I am a bit ambivalent here. It took me a long time to realize that I wanted to become a bioinformatician, I missed a lot of signals how much I enjoyed programming, for example. So, I would like to tell myself to explore computational science much more than I did. On the other hand, waiting this long to make the switch to bioinformatics meant I have acquired a very firm background in biology. I find this essential for my work, as it allows me to make connections between the technological aspects of high-throughput sequencing experiments and data analysis, and the biological questions that inspired the experiments in the first place. So, I would also like to tell myself to keep on studying biology.

 

100. What's your all-time favorite piece of bioinformatics software, and why?

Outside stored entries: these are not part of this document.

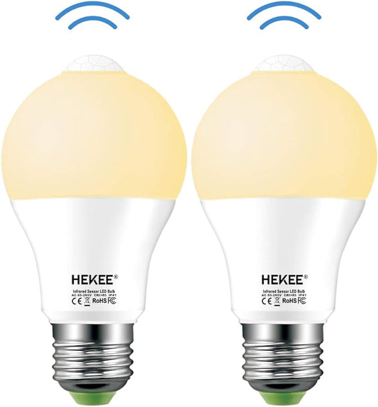 HEKEE Bombilla LED con sensor de movimiento 9W A19 PIR IR incorporado equivalente a 60W brillante 810 lúmenes base E26 bombillas de color blanco cálido (2 paquetes)
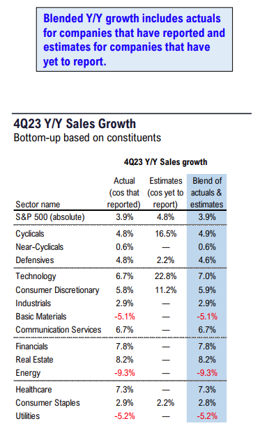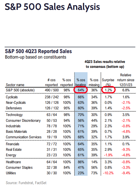 • On the top line, overall results are beating estimates by a median of 5% and missing by a median of -5%, and 64% of those reporting are beating estimates.
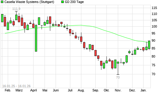 Mit dem Anstieg auf 89,88 EUR hat die Casella Waste Systems-Aktie am 15.01.2026 die 200-Tage-Linie nach oben gekreuzt.Die Casella Waste Systems-Aktie befand sich seit dem 25.06.2025 im langfristigen ...weiterlesen
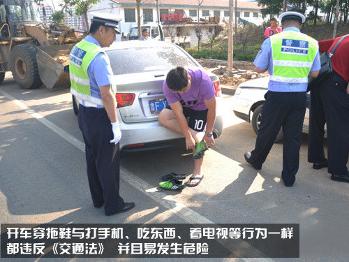 幾年前的深圳“8·23”特大交通事故,很多人可能已經不記得了:肇事人為避讓一輛搶道橫穿馬路的自行車,由于肇事人腳穿拖鞋,無法及時踩住剎車,造成了這一交通事故,一雙拖鞋害數十人喪命的悲慘事件發(fā)人深省。開車穿拖鞋與打手機、吃東西、看電視等行為一樣,都違反《交通法》,所以望廣大車主引以為戒。
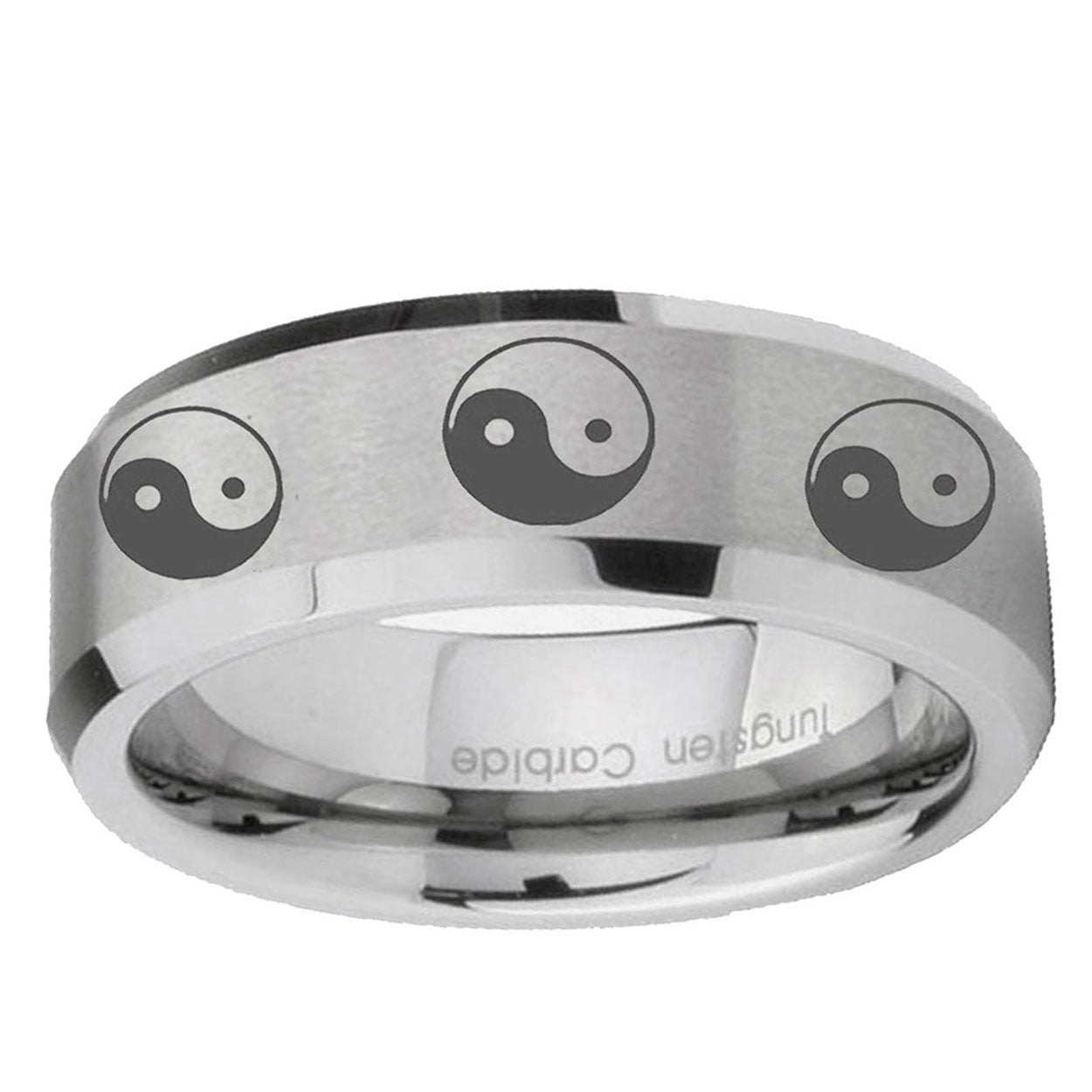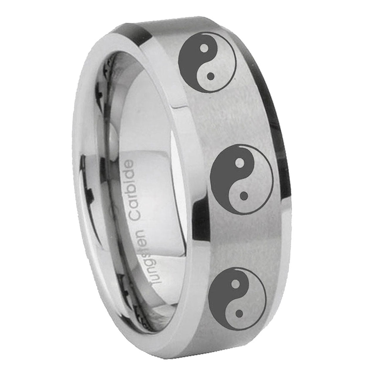 Intruding 6, 8mm Multiple Yin Yang Beveled Edges Brushed Gray Tungsten Carbide Mens Promise Ring . Offer in both 6mm and 8mm band width polished Brushed Gray finished from size 5 to 14
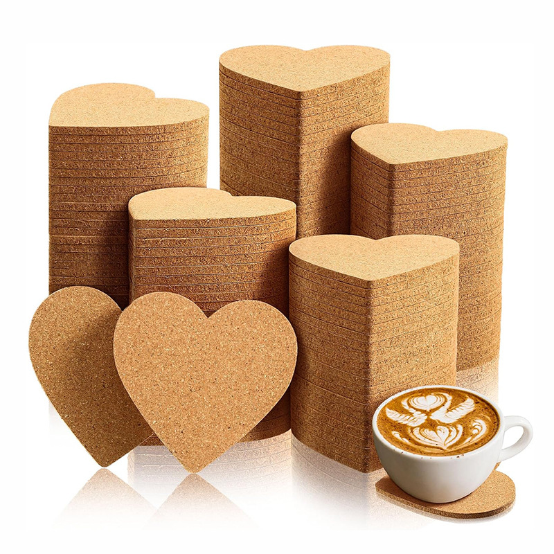 スポット卸売コルクコースター、特殊形状断熱プレースマット、ハート型と花型のコルク、吸水性、耐熱性、印刷可能なパターン
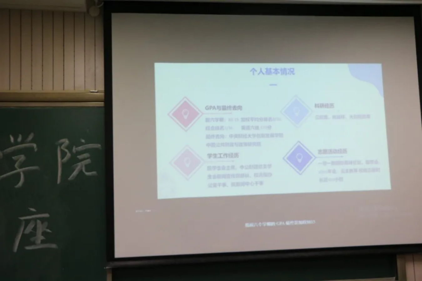 赵俪婷同学(国际金融与公司理财)已保研成功,即将进入永利集团官网的中国金融发展研究院攻读金融专业硕士学位。她对公司现行的保研政策进行了介绍,从院内保送角度概述了在不同阶段应做的准备工作以及如何调整心态以应对保研过程中的挑战。最后,她鼓励大家:“此去山重水复,愿诸位轻舟终过万重山。”
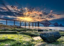 Morze, Wyspa Rona, Szkocja, Zachód słońca
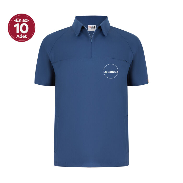Bebe Mavi Kadın Gizli Fermuar Yan Cepli Polo Yaka Doktor ve Hemşire Cerrahi Forma Üst
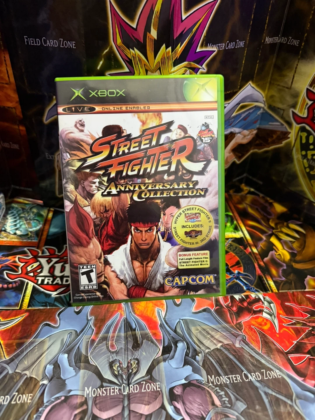 Selling Street Fighter Anniversary Collection for the original Xbox! This compilation features Hyper Street Fighter II and the arcade smash hit Street Fighter III: 3rd Strike. It's a great way to experience these classic fighting games. Mix and match characters from different Street Fighter games to create countless dream matches! Fight friends all over the world with Xbox Live
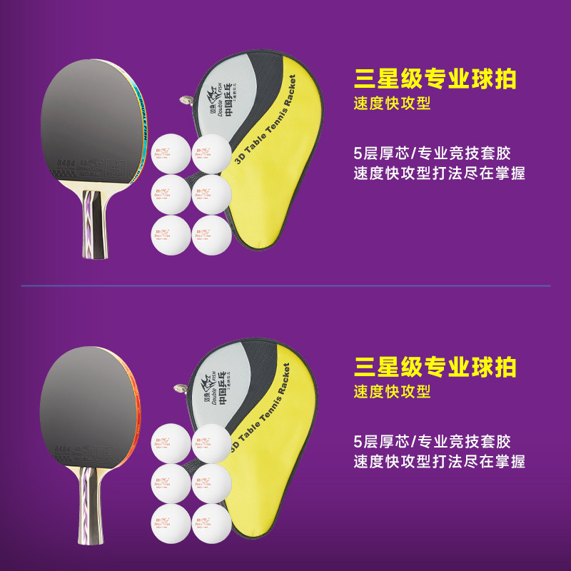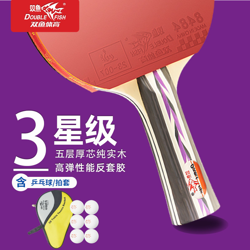 双鱼3D青少年力量进阶训练型乒乓球拍系列横直拍单双球拍专业正品
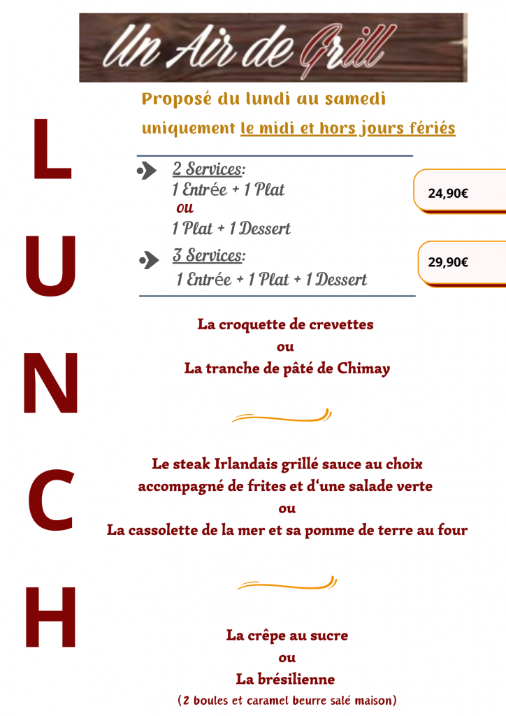 Lunch du midi & Menus*
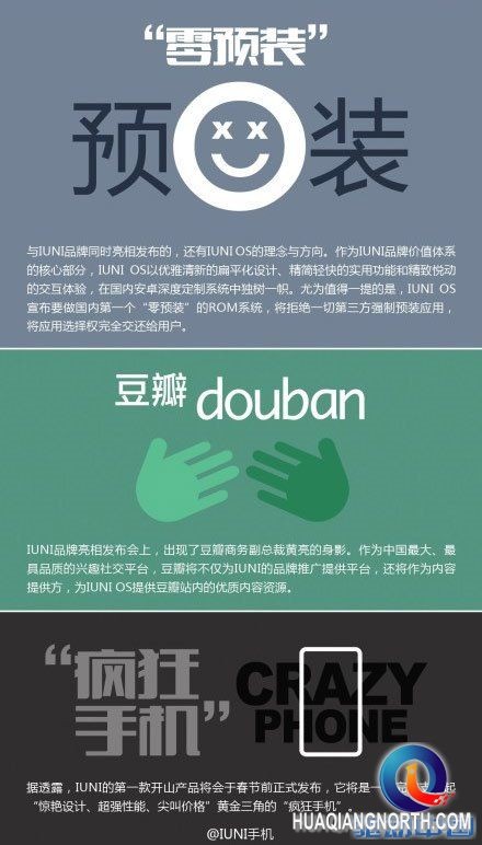 此外,IUNI表示将做到ROM系统“零预装”,拒绝一切第三方强制预装应用。豆瓣商务副总裁黄亮也出现在发布会上,这表明IUNI将与豆瓣合作,豆瓣将成为IUNI的品牌推广平台与内容提供方。
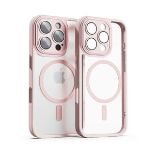 miak iPhone 16 pro ケース レンズガード 一体型 MagSafe対応 クリアケース [ カメラレンズ保護 アルミ合金カメラフレーム・ボタン 衝撃吸収 エアークッション 耐衝撃 防塵 背面ポリカーボネート TPUベゼル ] アイフォン 保護カバー MA27198i16PR ピンク 【国内正規品】
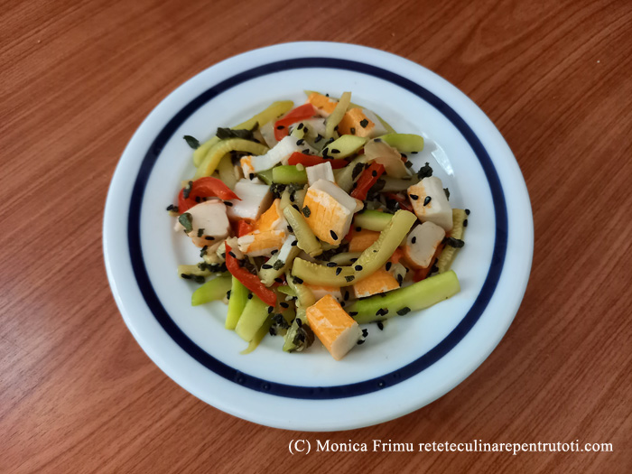 – 8 surimi (130 g), 4 g usturoi, 500 g ardei colorați tăiați felii, 1 dovlecel (200 g), 1 lingură semințe de chimen negru, 1 lingură salvie tocată mărunt,½ linguriță boabe de piper verde, ½ linguriță sare, 1 lingură ulei
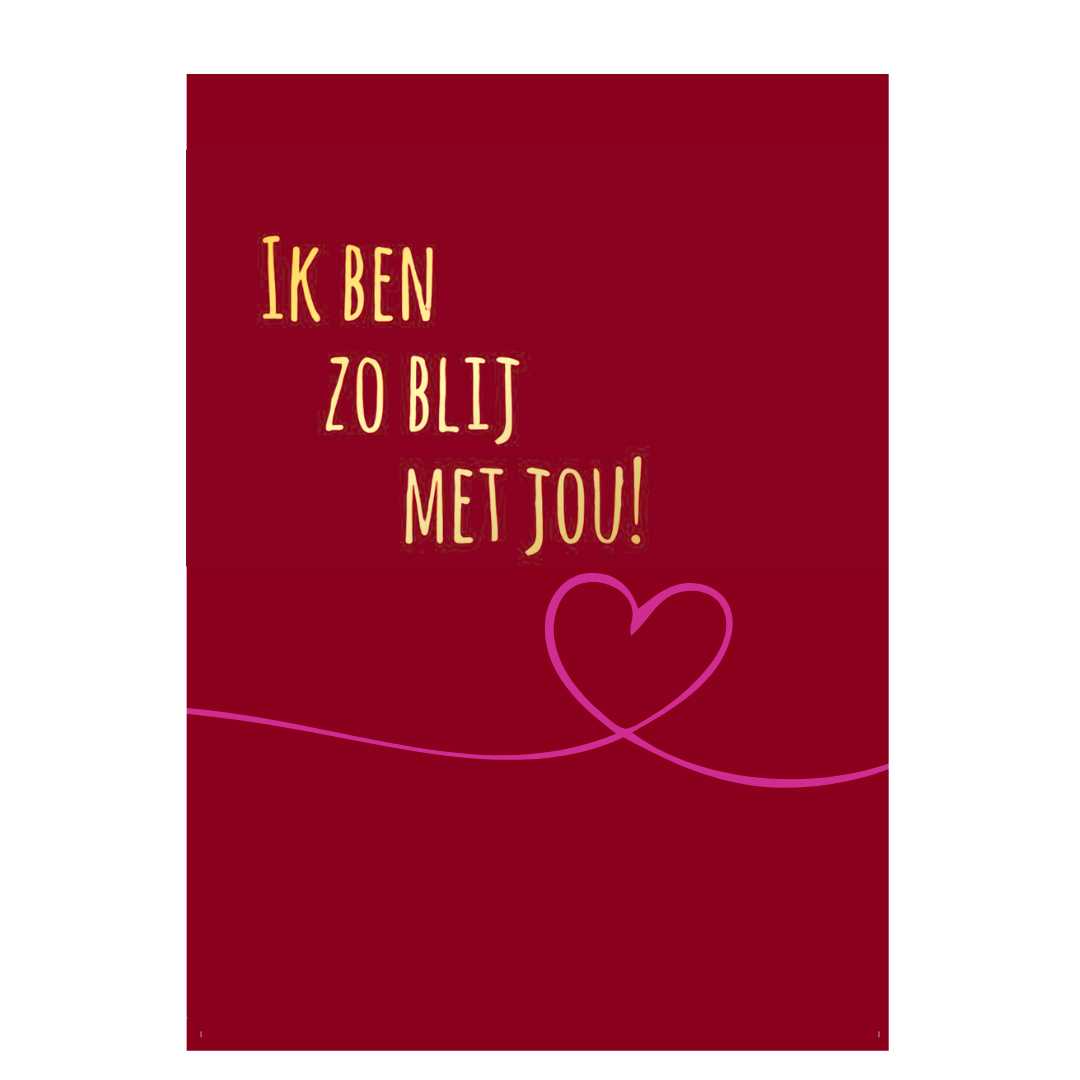 Deze set wenskaarten bestaat uit enkele kaarten met de tekst “Ik ben zo blij met jou!”. De kaart heeft een rode achtergrond met een hartillustratie en tekst in metallic goudopdruk.

The Newbler assembly and mapping program from Roche/454 Life Sciences. It is not the program per se (it's good, but not necessarily the best; nor is it open source, for that matter). However, it is through the use of this program I was propelled into bioinformatics. I became very familiar with it and started scripting to massage its output. I even wrote a user-oriented manual for Newbler. These days, I use many more assembly programs besides Newbler, but my bioinformatics 'roots' will always be Newbler.

 

101. IUPAC describes a set of 18 single-character nucleotide codes that can represent a DNA base: which one best reflects your personality?

B, as it stands for 'C or G or T', so it is flexible, allowing several alternatives and keeping options open. But it also means knowing your limits, not everything goes. I also like to have a 'plan B' in the back of my head.